(Stored records)
===

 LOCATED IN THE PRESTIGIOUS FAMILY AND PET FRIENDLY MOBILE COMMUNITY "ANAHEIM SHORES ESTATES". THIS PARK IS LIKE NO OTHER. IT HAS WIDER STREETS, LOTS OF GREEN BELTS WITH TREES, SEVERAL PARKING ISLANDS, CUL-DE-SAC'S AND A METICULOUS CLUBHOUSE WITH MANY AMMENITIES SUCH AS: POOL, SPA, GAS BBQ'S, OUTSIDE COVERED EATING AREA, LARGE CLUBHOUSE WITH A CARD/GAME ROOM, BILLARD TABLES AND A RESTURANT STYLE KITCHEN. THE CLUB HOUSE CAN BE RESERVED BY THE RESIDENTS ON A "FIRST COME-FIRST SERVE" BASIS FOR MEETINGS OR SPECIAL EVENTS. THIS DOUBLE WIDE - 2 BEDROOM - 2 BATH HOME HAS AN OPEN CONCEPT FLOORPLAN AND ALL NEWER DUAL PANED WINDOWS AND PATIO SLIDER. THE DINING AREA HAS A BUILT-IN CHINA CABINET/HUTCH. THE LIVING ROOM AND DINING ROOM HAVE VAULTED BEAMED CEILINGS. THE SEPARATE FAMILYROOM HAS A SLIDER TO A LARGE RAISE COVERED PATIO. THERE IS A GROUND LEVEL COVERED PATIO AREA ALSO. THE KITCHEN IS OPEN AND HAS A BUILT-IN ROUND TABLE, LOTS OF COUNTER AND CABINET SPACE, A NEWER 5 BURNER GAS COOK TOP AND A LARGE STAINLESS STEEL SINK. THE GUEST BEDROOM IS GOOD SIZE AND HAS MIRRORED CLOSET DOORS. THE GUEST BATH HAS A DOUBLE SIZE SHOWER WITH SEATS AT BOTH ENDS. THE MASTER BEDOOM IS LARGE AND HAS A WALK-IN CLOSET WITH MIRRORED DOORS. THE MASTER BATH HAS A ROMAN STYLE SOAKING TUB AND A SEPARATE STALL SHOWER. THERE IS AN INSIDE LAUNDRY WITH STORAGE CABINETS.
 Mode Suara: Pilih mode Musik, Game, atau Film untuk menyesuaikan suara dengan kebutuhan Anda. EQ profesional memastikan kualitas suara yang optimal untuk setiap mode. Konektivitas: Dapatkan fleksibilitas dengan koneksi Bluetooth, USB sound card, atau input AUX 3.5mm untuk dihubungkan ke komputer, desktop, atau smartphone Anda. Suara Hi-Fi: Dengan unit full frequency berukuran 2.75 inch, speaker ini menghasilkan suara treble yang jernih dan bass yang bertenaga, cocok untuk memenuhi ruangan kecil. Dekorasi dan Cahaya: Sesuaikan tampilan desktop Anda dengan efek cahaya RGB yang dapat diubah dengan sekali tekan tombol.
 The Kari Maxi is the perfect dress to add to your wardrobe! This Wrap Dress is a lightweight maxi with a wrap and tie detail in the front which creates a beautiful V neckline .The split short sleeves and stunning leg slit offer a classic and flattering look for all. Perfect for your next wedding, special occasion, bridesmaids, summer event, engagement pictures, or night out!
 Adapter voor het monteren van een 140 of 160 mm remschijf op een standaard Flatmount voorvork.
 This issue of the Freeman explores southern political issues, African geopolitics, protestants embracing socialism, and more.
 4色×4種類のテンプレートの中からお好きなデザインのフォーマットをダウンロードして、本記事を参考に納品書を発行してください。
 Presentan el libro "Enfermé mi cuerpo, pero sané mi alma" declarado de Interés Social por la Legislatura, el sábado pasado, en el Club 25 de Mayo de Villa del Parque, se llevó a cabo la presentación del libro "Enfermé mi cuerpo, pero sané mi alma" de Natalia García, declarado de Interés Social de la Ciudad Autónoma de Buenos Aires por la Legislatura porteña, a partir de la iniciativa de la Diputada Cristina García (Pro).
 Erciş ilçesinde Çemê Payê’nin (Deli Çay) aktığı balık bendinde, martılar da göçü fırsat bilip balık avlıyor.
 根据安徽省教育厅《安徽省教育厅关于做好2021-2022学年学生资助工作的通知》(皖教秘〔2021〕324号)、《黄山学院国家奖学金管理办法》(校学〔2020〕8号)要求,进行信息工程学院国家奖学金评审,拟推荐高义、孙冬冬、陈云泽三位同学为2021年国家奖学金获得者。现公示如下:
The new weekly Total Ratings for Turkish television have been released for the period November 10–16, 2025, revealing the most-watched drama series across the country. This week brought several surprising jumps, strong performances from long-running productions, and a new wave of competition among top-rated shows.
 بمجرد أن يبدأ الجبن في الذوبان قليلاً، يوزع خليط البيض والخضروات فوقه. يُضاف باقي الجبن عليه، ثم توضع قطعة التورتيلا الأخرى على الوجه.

===

## TASK DESCRIPTION
Only the line that contains "4色×4種類のテンプレートの" and the lines after it, through the end of the data above, are to be repeated exactly.

## RESPONSE
 4色×4種類のテンプレートの中からお好きなデザインのフォーマットをダウンロードして、本記事を参考に納品書を発行してください。
 Presentan el libro "Enfermé mi cuerpo, pero sané mi alma" declarado de Interés Social por la Legislatura, el sábado pasado, en el Club 25 de Mayo de Villa del Parque, se llevó a cabo la presentación del libro "Enfermé mi cuerpo, pero sané mi alma" de Natalia García, declarado de Interés Social de la Ciudad Autónoma de Buenos Aires por la Legislatura porteña, a partir de la iniciativa de la Diputada Cristina García (Pro).
 Erciş ilçesinde Çemê Payê’nin (Deli Çay) aktığı balık bendinde, martılar da göçü fırsat bilip balık avlıyor.
 根据安徽省教育厅《安徽省教育厅关于做好2021-2022学年学生资助工作的通知》(皖教秘〔2021〕324号)、《黄山学院国家奖学金管理办法》(校学〔2020〕8号)要求,进行信息工程学院国家奖学金评审,拟推荐高义、孙冬冬、陈云泽三位同学为2021年国家奖学金获得者。现公示如下:
The new weekly Total Ratings for Turkish television have been released for the period November 10–16, 2025, revealing the most-watched drama series across the country. This week brought several surprising jumps, strong performances from long-running productions, and a new wave of competition among top-rated shows.
 بمجرد أن يبدأ الجبن في الذوبان قليلاً، يوزع خليط البيض والخضروات فوقه. يُضاف باقي الجبن عليه، ثم توضع قطعة التورتيلا الأخرى على الوجه.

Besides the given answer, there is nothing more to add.